(Beginning of ENTRIES PROVIDED)
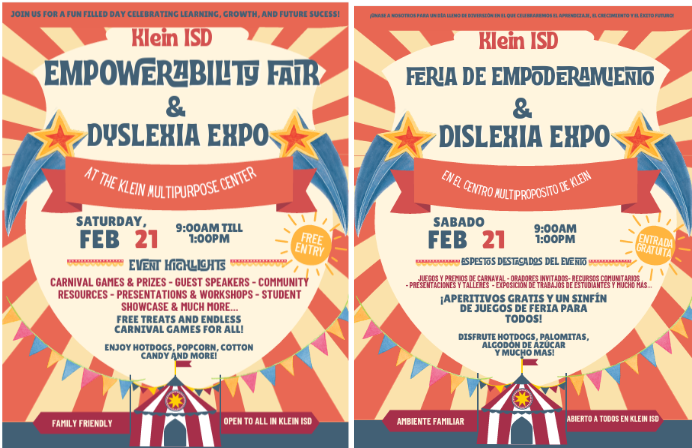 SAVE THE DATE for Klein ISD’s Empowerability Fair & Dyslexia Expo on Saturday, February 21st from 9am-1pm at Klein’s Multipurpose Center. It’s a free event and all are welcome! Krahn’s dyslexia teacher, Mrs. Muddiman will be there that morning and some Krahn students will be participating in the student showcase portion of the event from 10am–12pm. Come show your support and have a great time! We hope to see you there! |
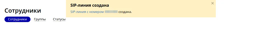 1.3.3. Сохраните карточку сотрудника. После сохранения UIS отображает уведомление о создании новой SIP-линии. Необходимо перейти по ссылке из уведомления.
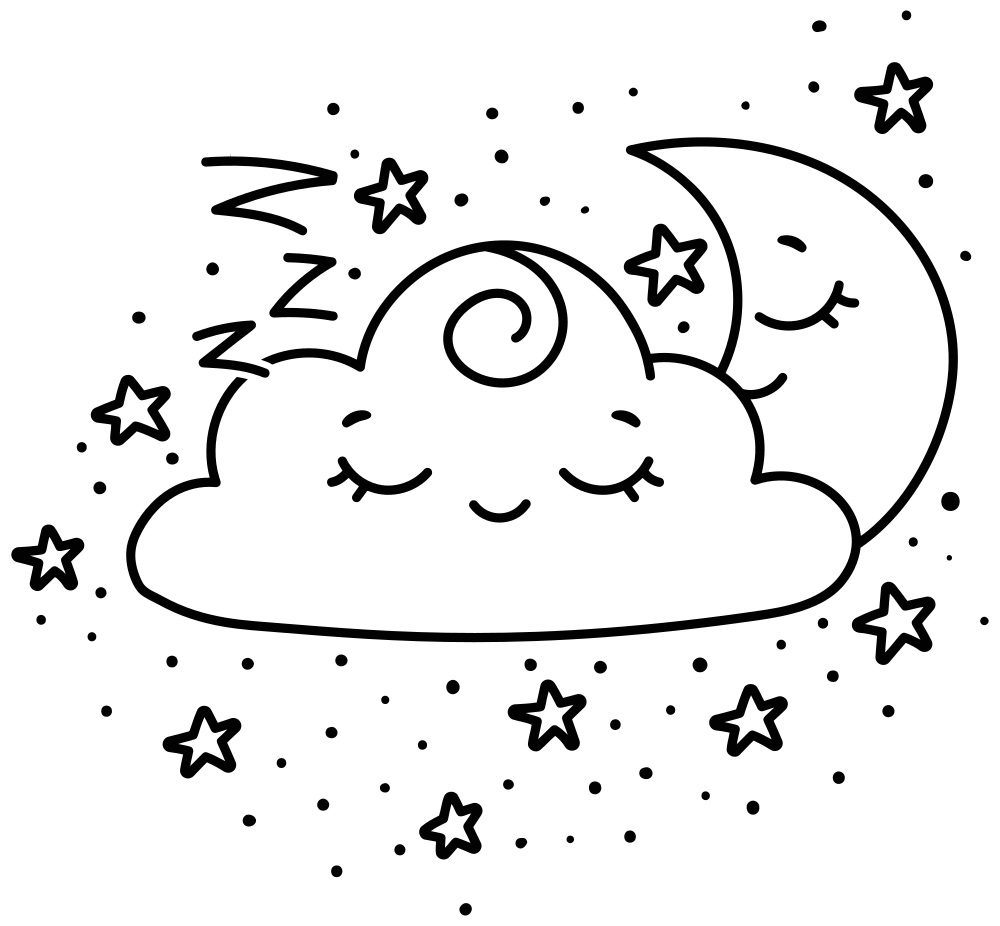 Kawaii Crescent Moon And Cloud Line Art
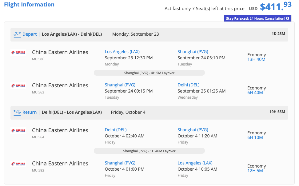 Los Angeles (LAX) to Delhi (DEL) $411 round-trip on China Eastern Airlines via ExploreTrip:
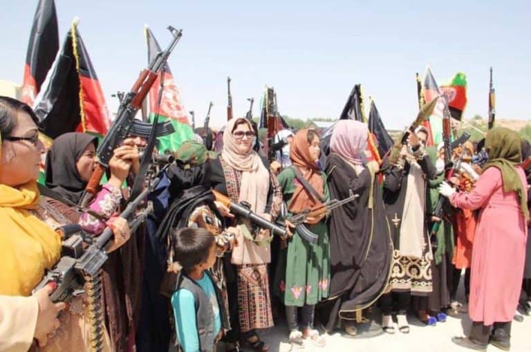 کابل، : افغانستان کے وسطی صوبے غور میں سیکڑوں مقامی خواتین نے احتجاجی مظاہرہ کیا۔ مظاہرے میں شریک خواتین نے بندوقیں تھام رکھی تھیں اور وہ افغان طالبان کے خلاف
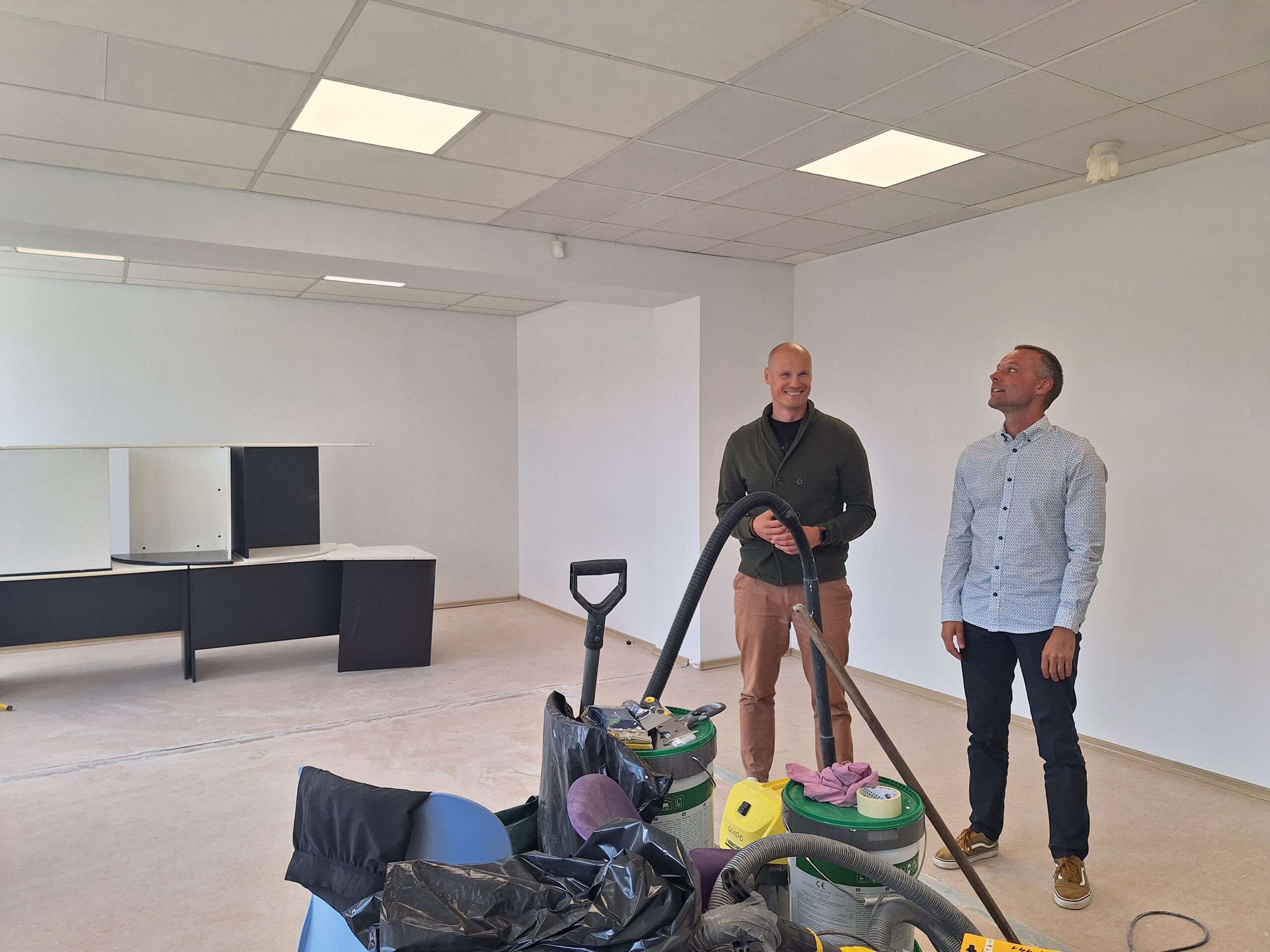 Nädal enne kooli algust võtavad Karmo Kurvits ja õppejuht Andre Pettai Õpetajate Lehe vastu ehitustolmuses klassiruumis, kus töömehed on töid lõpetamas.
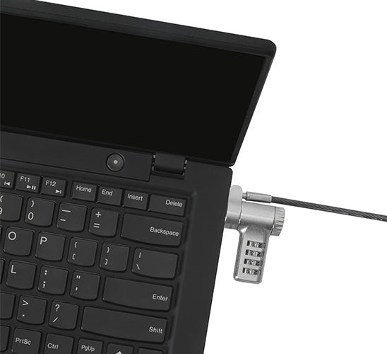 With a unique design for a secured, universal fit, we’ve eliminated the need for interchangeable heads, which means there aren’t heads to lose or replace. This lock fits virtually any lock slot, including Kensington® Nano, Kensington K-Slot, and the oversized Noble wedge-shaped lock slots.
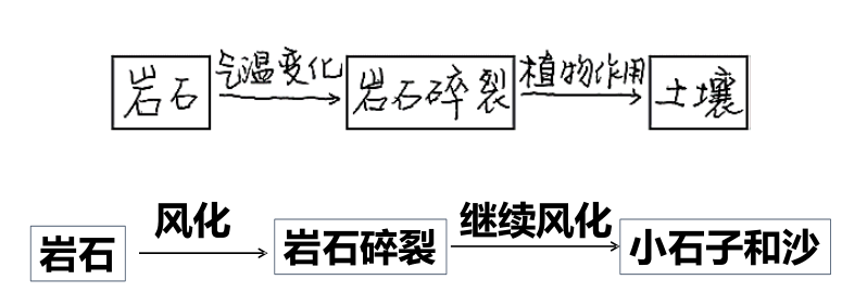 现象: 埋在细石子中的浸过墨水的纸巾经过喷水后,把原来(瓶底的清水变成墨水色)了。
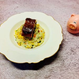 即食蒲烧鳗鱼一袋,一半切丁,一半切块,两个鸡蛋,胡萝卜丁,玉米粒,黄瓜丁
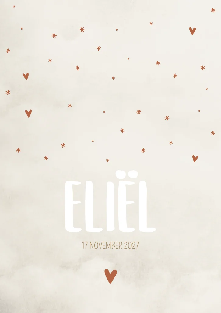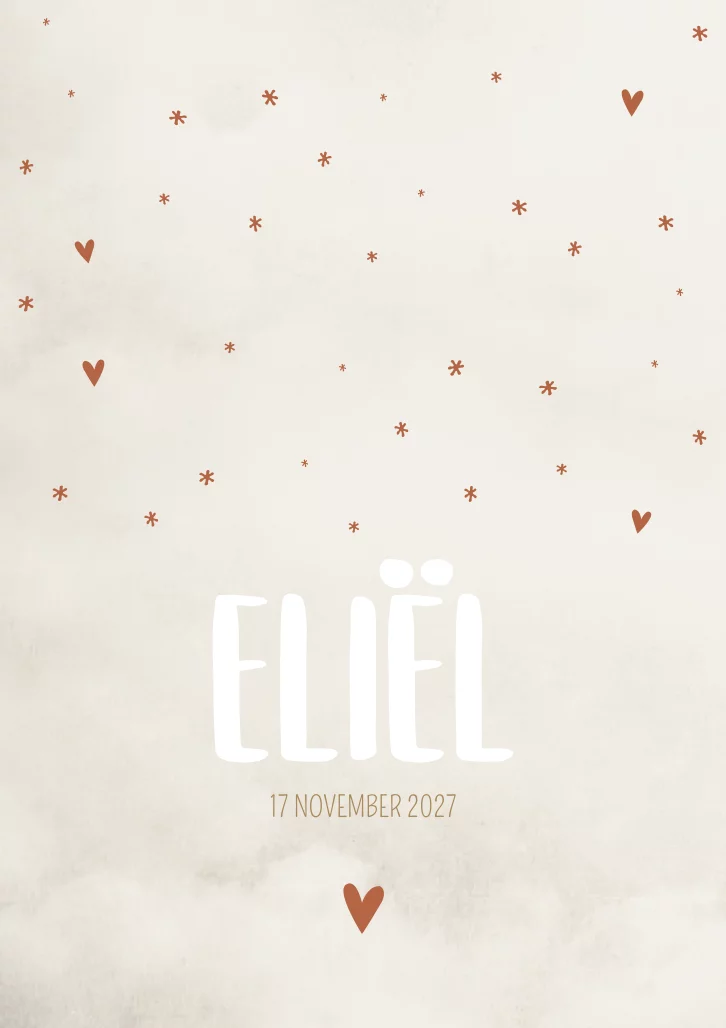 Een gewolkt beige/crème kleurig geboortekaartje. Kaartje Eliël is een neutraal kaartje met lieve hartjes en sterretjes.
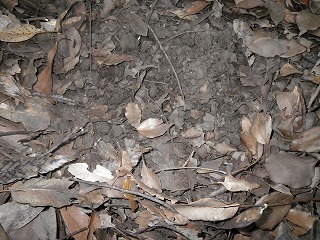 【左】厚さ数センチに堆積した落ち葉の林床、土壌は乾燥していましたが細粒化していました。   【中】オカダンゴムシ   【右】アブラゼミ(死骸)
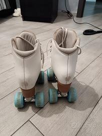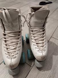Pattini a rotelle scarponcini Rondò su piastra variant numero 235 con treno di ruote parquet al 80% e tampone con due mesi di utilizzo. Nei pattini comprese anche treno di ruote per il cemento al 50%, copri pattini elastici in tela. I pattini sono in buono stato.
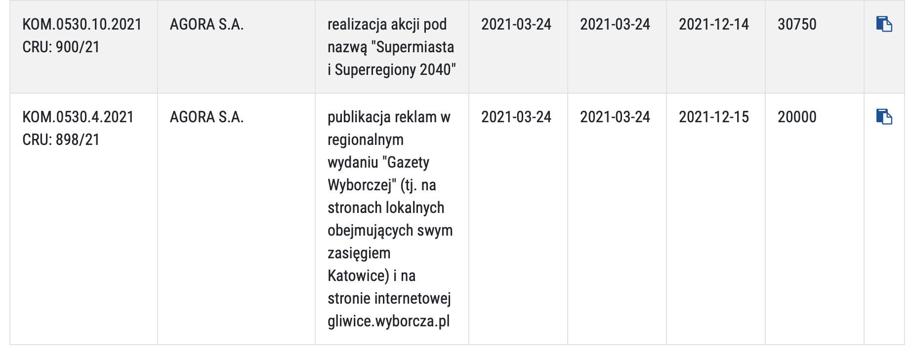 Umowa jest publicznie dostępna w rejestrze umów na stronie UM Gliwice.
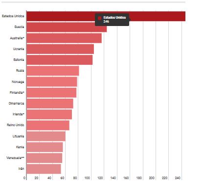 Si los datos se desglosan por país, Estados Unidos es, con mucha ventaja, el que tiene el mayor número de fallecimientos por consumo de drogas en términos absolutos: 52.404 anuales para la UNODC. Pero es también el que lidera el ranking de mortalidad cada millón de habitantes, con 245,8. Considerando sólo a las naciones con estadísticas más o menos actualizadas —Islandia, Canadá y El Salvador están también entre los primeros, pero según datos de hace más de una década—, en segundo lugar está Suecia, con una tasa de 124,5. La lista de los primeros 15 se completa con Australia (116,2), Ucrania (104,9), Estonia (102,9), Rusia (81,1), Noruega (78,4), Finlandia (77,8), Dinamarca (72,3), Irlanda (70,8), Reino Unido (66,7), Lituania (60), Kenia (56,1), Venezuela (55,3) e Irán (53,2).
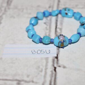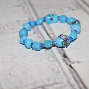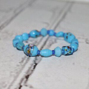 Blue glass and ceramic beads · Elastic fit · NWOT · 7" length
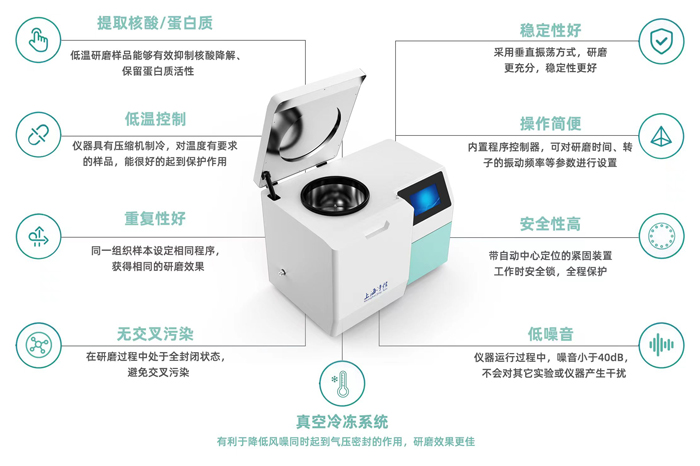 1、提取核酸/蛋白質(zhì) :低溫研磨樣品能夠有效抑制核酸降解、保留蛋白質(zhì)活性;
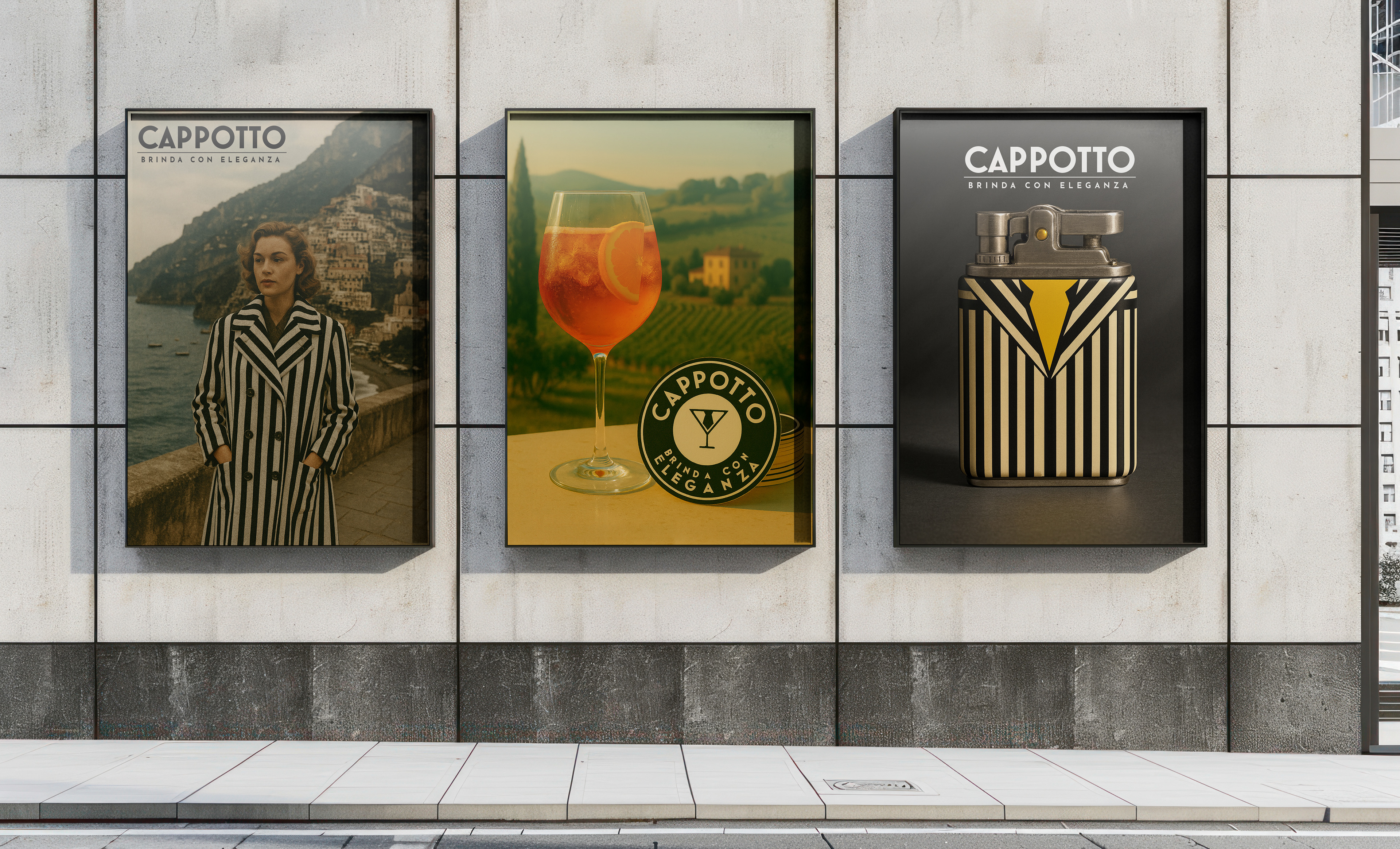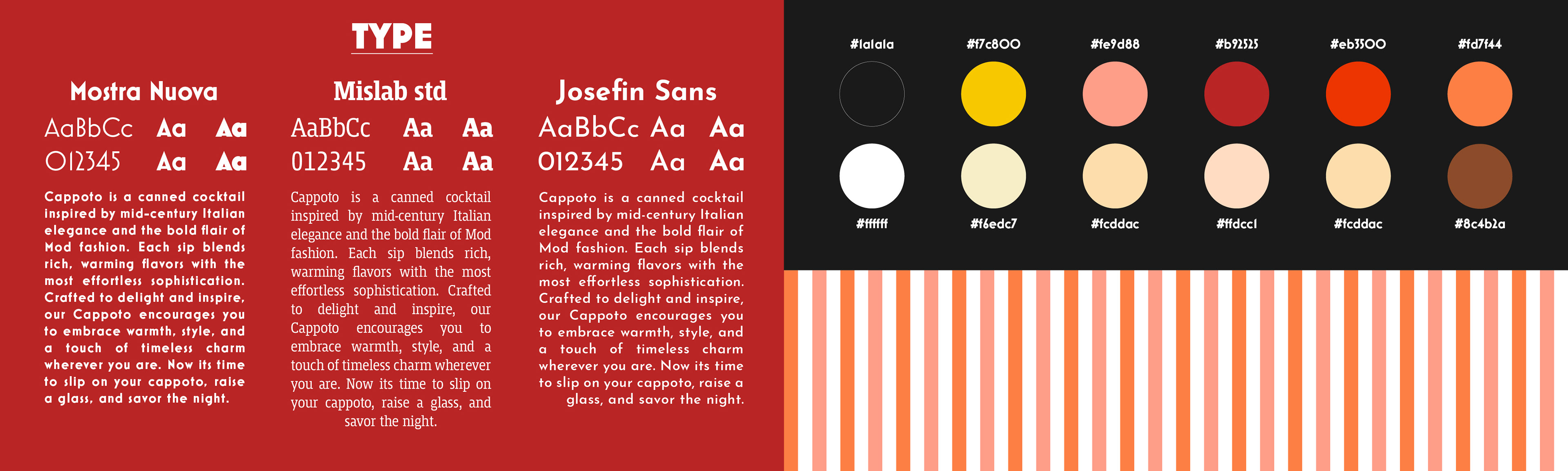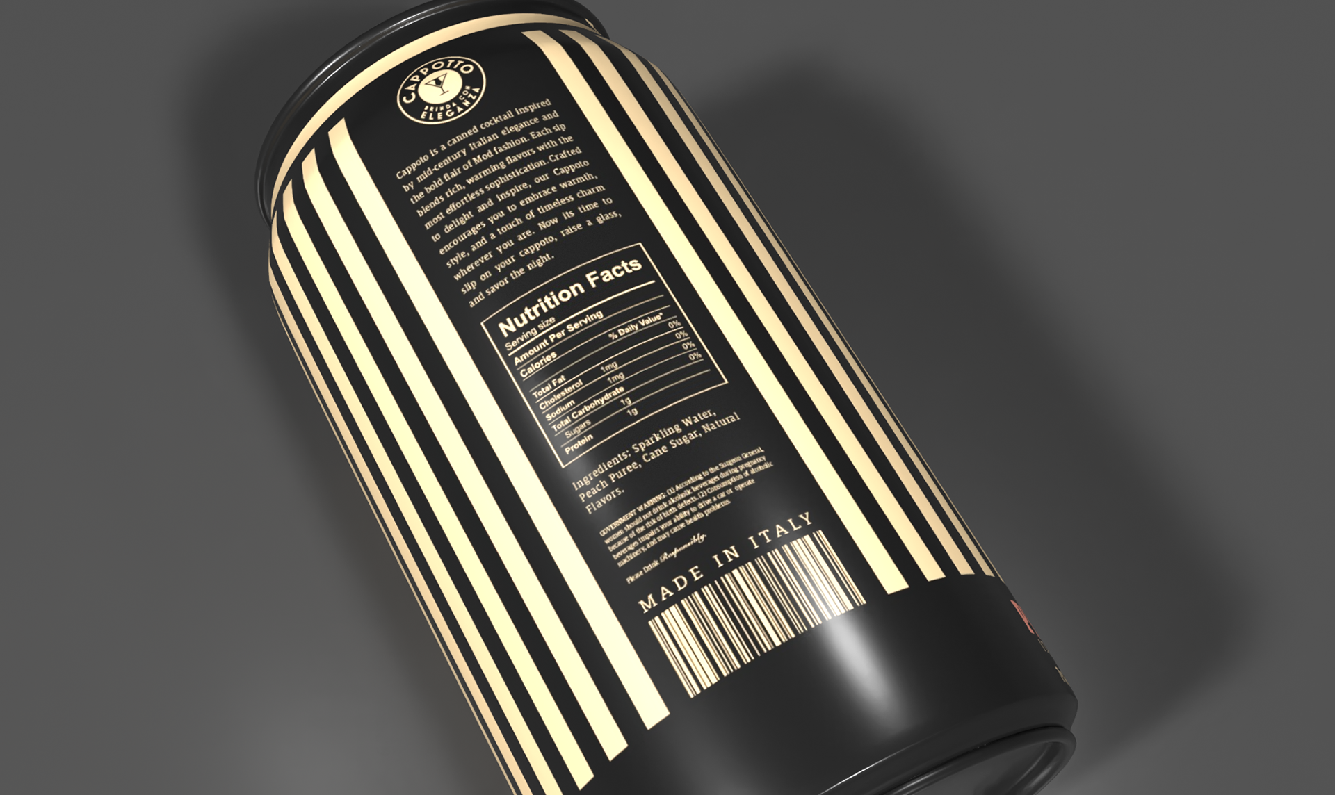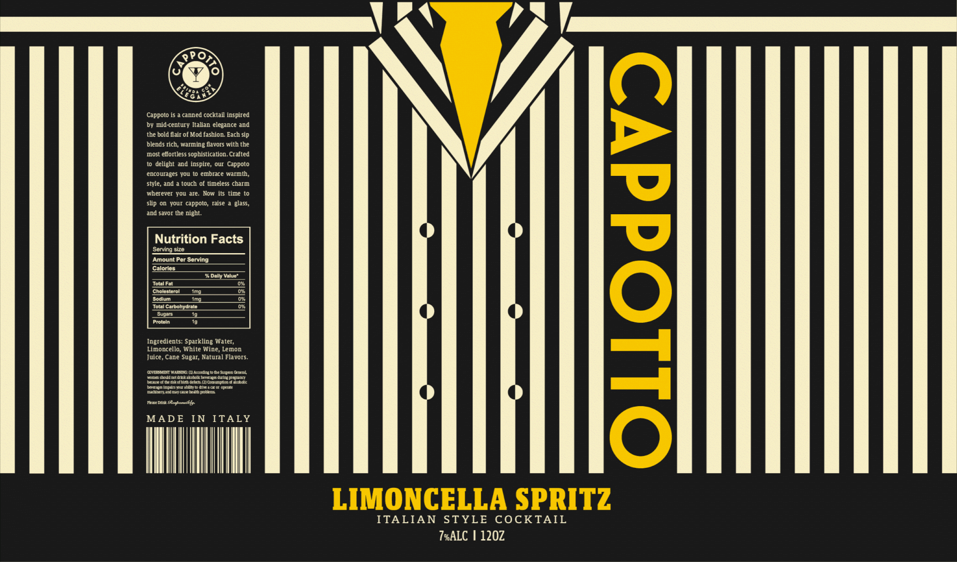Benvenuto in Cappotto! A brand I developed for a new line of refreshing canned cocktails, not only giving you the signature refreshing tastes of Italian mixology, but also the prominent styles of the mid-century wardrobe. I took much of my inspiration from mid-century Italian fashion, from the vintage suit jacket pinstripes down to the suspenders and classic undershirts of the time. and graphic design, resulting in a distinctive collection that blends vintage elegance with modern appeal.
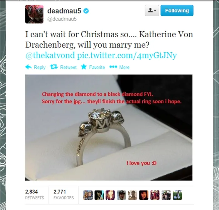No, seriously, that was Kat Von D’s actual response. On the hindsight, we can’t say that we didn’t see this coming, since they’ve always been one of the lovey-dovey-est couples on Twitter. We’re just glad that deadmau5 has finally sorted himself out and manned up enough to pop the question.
(End of ENTRIES PROVIDED)
The response must repeat exactly the lines above from the one with "1.3.3. Сохраните карточку" through the one with "کابل، : افغانستان", including both, and must contain no pictures and no other text.

REPLY TO THE EXERCISE:
 1.3.3. Сохраните карточку сотрудника. После сохранения UIS отображает уведомление о создании новой SIP-линии. Необходимо перейти по ссылке из уведомления.
 Kawaii Crescent Moon And Cloud Line Art
 Los Angeles (LAX) to Delhi (DEL) $411 round-trip on China Eastern Airlines via ExploreTrip:
 کابل، : افغانستان کے وسطی صوبے غور میں سیکڑوں مقامی خواتین نے احتجاجی مظاہرہ کیا۔ مظاہرے میں شریک خواتین نے بندوقیں تھام رکھی تھیں اور وہ افغان طالبان کے خلاف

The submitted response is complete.